◆ **PROBLEM DETAILS**: Transcribe the full listing without changing a word, and omit its pictures.

◆ **DATA SHOWN**:
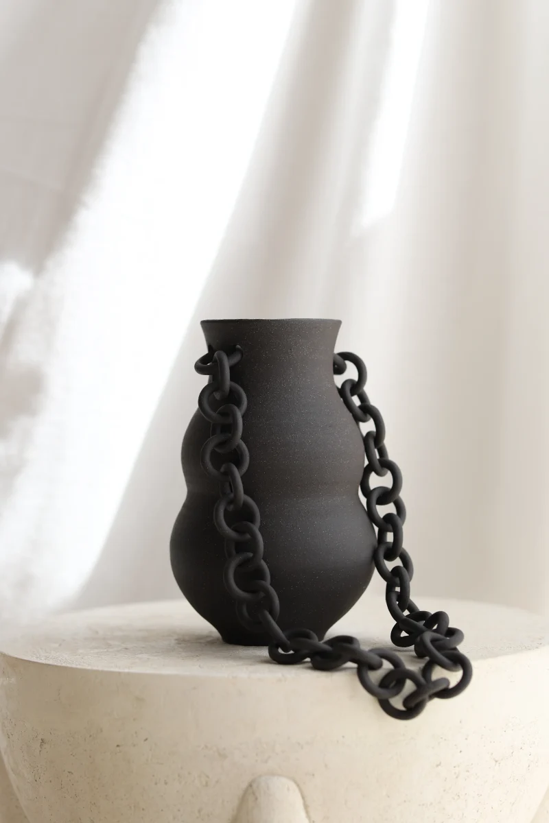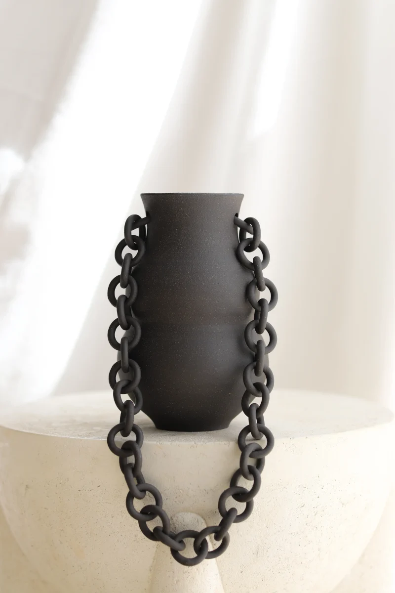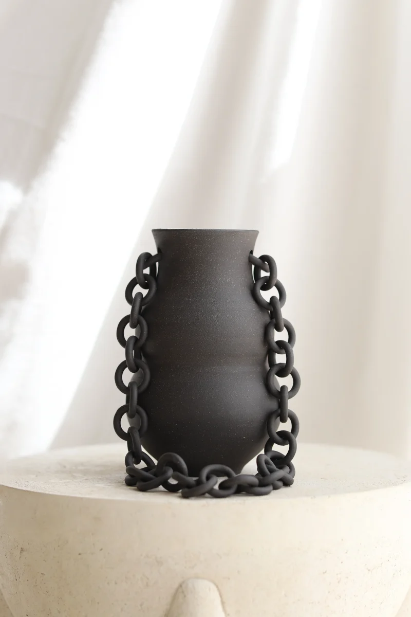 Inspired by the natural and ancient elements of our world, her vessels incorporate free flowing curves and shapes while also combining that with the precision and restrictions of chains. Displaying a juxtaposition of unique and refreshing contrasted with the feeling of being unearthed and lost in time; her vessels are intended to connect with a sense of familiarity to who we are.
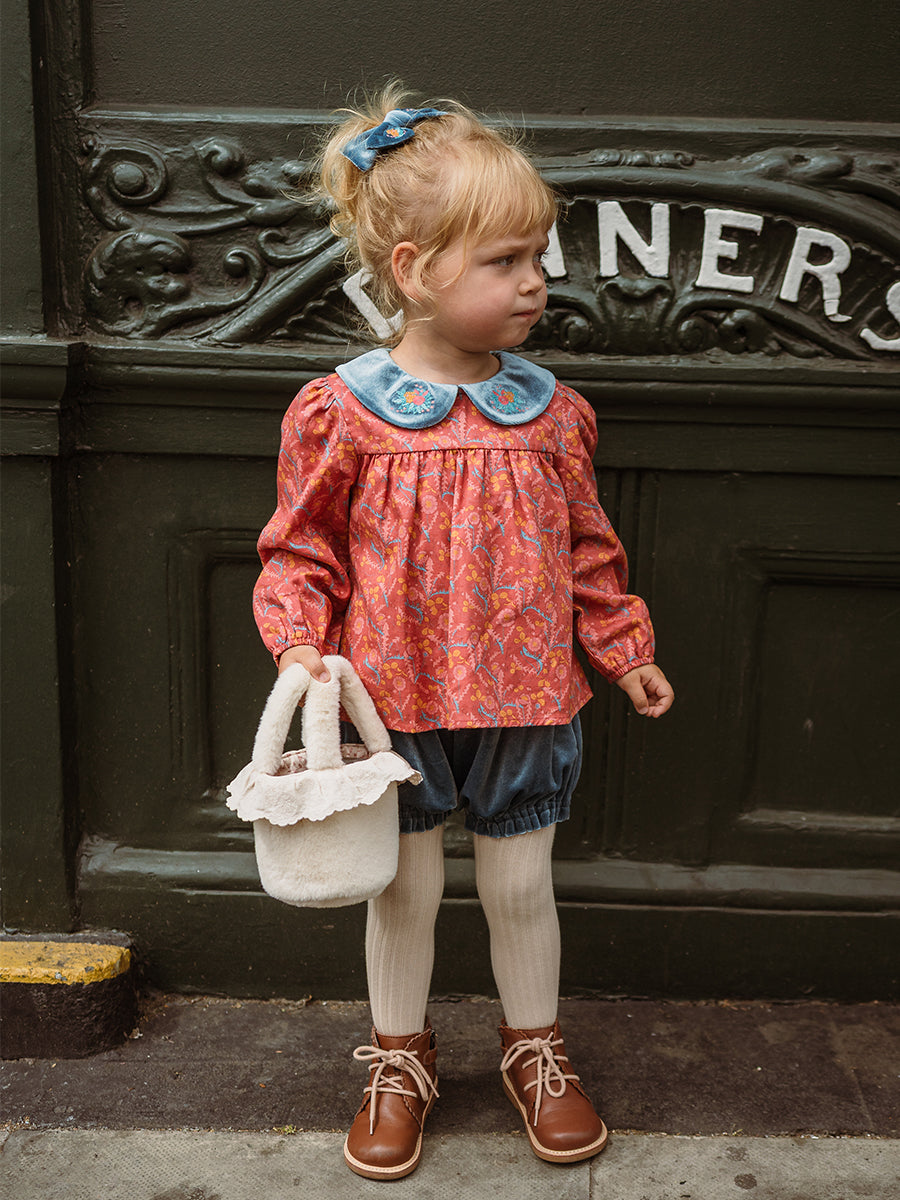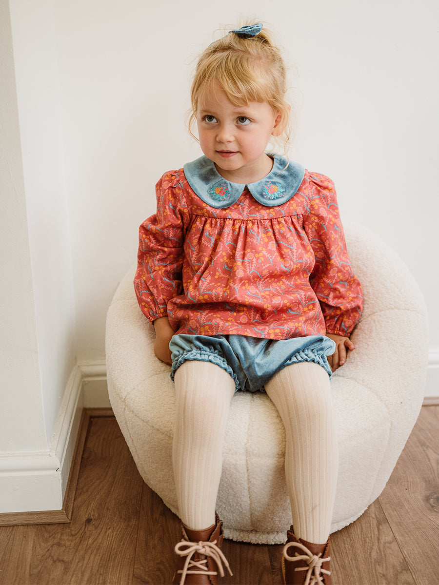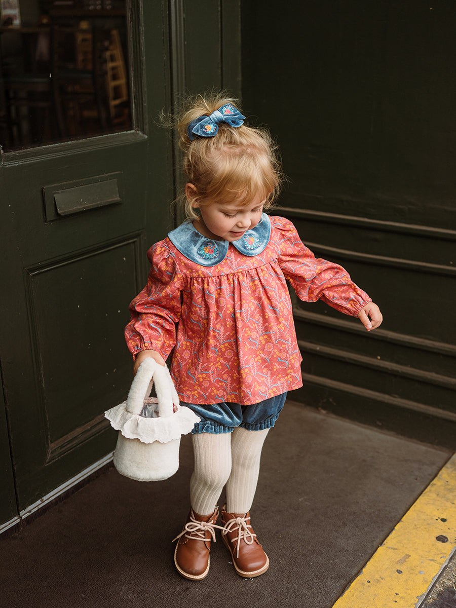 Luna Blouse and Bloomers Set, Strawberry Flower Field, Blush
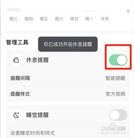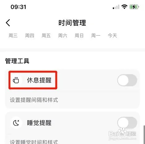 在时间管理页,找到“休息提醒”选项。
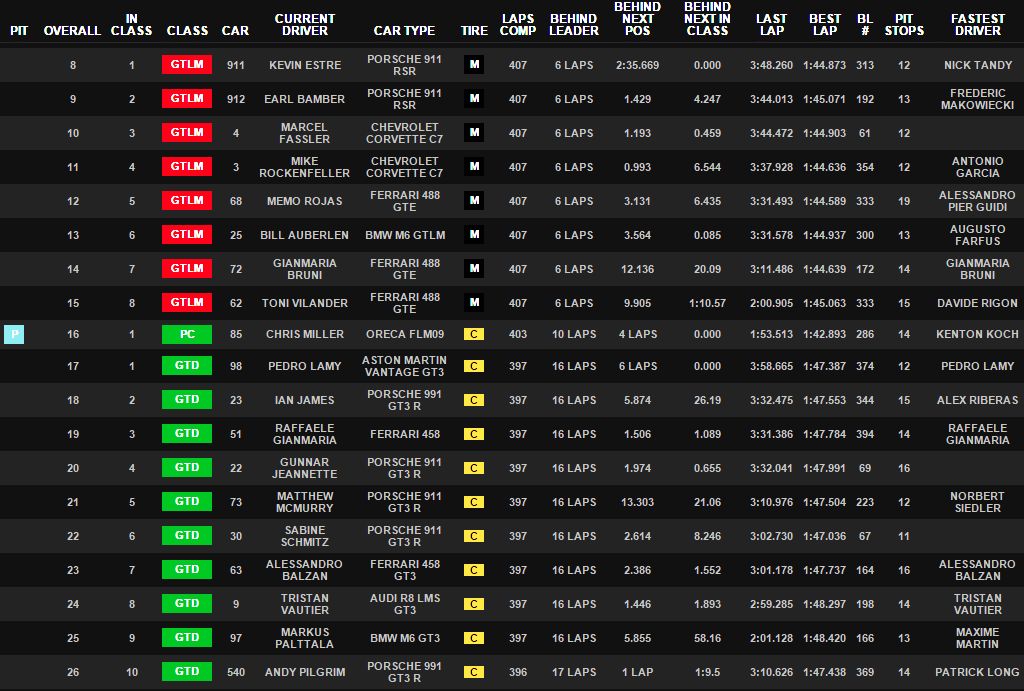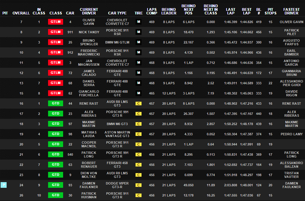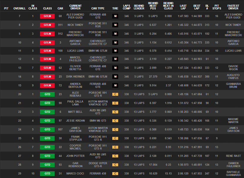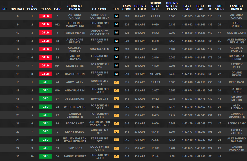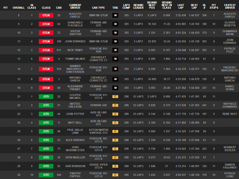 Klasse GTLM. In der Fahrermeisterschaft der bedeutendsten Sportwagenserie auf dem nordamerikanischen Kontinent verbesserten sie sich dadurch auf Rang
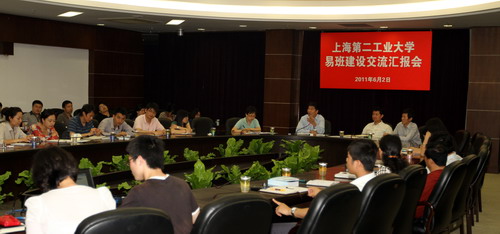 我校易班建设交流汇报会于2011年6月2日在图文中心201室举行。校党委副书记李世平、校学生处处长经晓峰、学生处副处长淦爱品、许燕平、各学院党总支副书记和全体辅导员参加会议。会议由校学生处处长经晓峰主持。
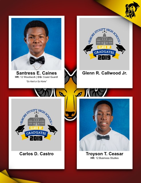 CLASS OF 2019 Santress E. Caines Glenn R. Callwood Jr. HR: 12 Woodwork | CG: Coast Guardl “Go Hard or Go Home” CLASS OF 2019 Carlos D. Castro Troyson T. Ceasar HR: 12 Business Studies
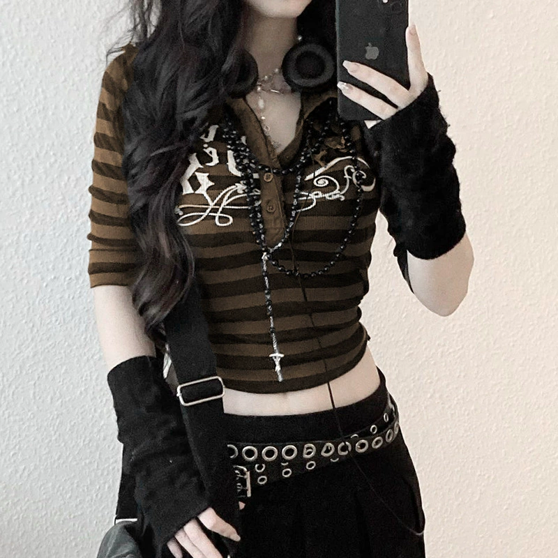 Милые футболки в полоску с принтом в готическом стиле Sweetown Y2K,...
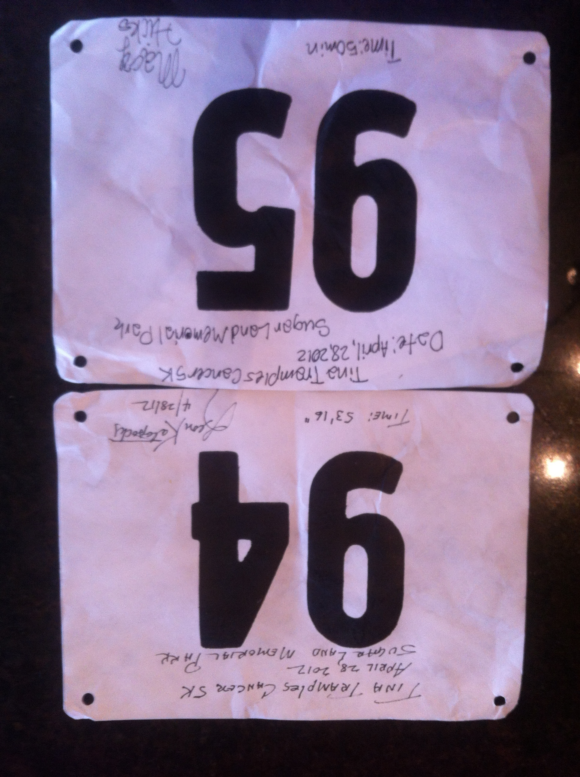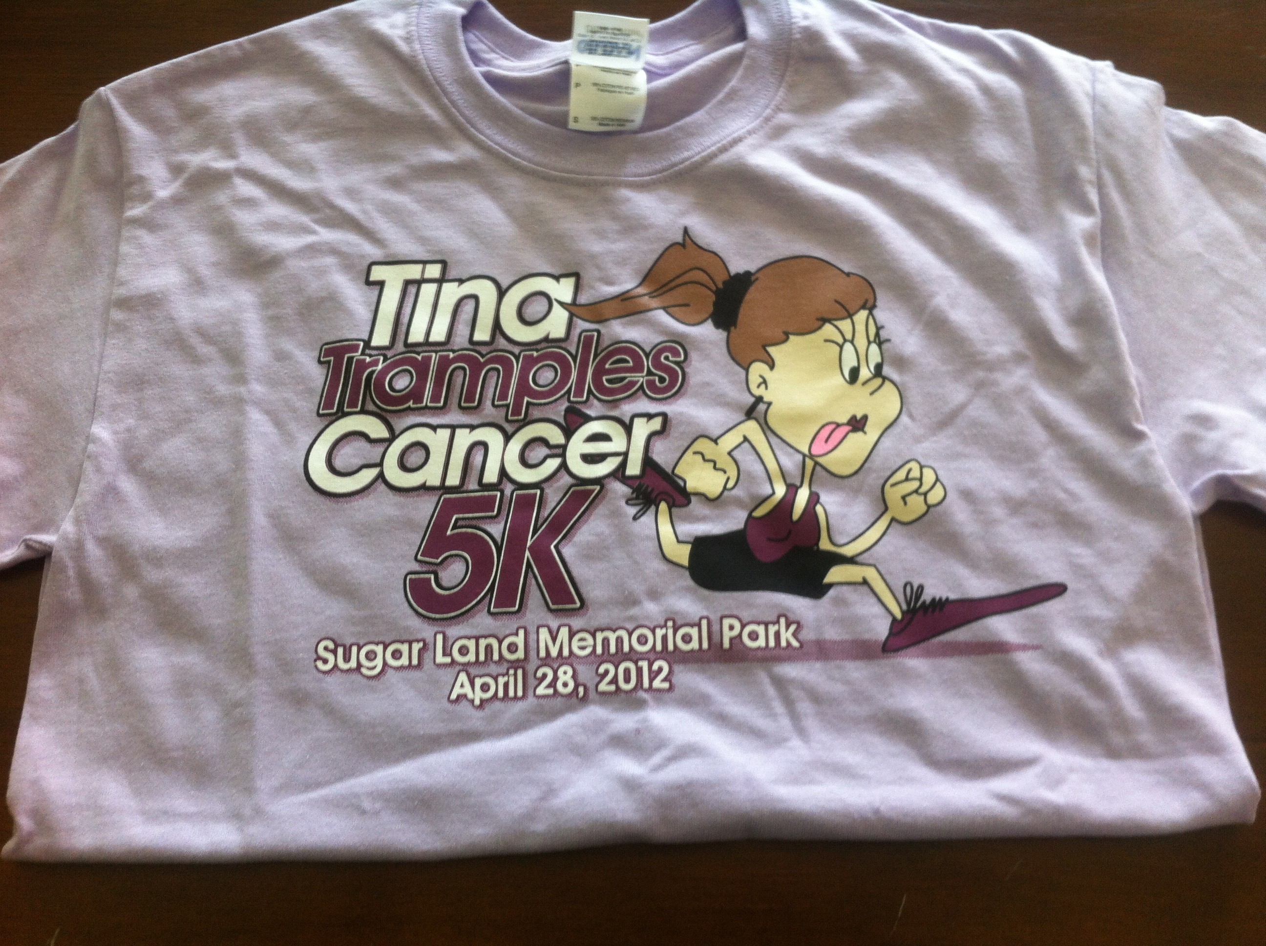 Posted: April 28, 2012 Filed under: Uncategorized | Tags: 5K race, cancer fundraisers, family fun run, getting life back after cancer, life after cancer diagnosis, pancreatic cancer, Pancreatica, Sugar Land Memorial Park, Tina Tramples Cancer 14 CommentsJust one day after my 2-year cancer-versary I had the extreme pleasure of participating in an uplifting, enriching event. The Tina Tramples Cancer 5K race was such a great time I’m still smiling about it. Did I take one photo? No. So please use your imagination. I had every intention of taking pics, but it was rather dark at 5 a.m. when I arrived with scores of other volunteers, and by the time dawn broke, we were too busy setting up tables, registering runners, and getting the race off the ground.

◆ **ANSWER TO THE EXERCISE**:
 Inspired by the natural and ancient elements of our world, her vessels incorporate free flowing curves and shapes while also combining that with the precision and restrictions of chains. Displaying a juxtaposition of unique and refreshing contrasted with the feeling of being unearthed and lost in time; her vessels are intended to connect with a sense of familiarity to who we are.
 Luna Blouse and Bloomers Set, Strawberry Flower Field, Blush
 在时间管理页,找到“休息提醒”选项。
 Klasse GTLM. In der Fahrermeisterschaft der bedeutendsten Sportwagenserie auf dem nordamerikanischen Kontinent verbesserten sie sich dadurch auf Rang
 我校易班建设交流汇报会于2011年6月2日在图文中心201室举行。校党委副书记李世平、校学生处处长经晓峰、学生处副处长淦爱品、许燕平、各学院党总支副书记和全体辅导员参加会议。会议由校学生处处长经晓峰主持。
 CLASS OF 2019 Santress E. Caines Glenn R. Callwood Jr. HR: 12 Woodwork | CG: Coast Guardl “Go Hard or Go Home” CLASS OF 2019 Carlos D. Castro Troyson T. Ceasar HR: 12 Business Studies
 Милые футболки в полоску с принтом в готическом стиле Sweetown Y2K,...
 Posted: April 28, 2012 Filed under: Uncategorized | Tags: 5K race, cancer fundraisers, family fun run, getting life back after cancer, life after cancer diagnosis, pancreatic cancer, Pancreatica, Sugar Land Memorial Park, Tina Tramples Cancer 14 CommentsJust one day after my 2-year cancer-versary I had the extreme pleasure of participating in an uplifting, enriching event. The Tina Tramples Cancer 5K race was such a great time I’m still smiling about it. Did I take one photo? No. So please use your imagination. I had every intention of taking pics, but it was rather dark at 5 a.m. when I arrived with scores of other volunteers, and by the time dawn broke, we were too busy setting up tables, registering runners, and getting the race off the ground.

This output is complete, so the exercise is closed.